Ce jour-là, une atmosphère tendue régnait dans l'académie, et les enseignants étaient enveloppés d'une tension inhabituelle.
Les élèves murmuraient entre eux, se demandant si quelque chose s'était passé.
« On dit qu'une personne importante vient en inspection, paraît-il ? »
« Hein ? D'où tu tiens cette info ? »
« J'ai écouté la conversation des profs en cachette. Je me demande qui vient ? »
« Mais bon, est-ce que les profs sont aussi visiblement sur les nerfs pour ça ? »
Alors qu'ils penchaient la tête l'un vers l'autre, le bruit de pas précipités résonna dans le couloir.
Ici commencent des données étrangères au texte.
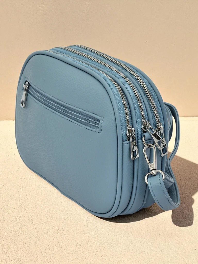 - Малка дамска чанта от еко кожа с 3 практични отделения. Оборудвана с подвижна, регулируема дръжка – може да се носи на рамо или като клатч. Компактна, но същевременно просторна – идеална за ежедневието и излизане.
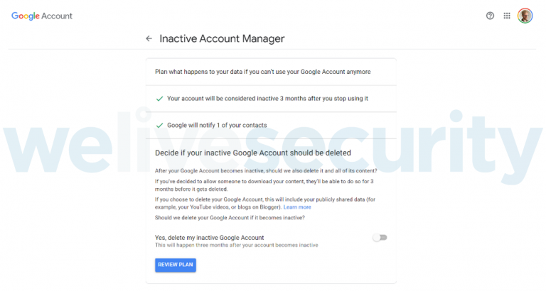 Finally, you will also be able to decide whether your account should be deleted three months after it has been shared with your legacy contact. This, however, implies that all your content will be deleted, including YouTube videos or blog posts, a reason not everyone might want to enable this option.

« Hé ! J'ai entendu un truc incroyable !! »
La porte de la classe s'ouvrit violemment et un garçon fit irruption.
Tous les regards de la classe se tournèrent vers lui, intrigués par cette entrée.
« Le héros Lovel est en train d'arriver !! »
La classe se figea instantanément.
Soudain, des cris retentirent dans toute la salle.
« Tu rigoles !? D'où tu sors ça ? »
« C'est pas une blague !! Les professeurs Marsto de thérapeutique et Muskel de chevalerie en parlaient !! Apparemment, tous les profs sont réunis à l'entrée de l'académie en ce moment !! »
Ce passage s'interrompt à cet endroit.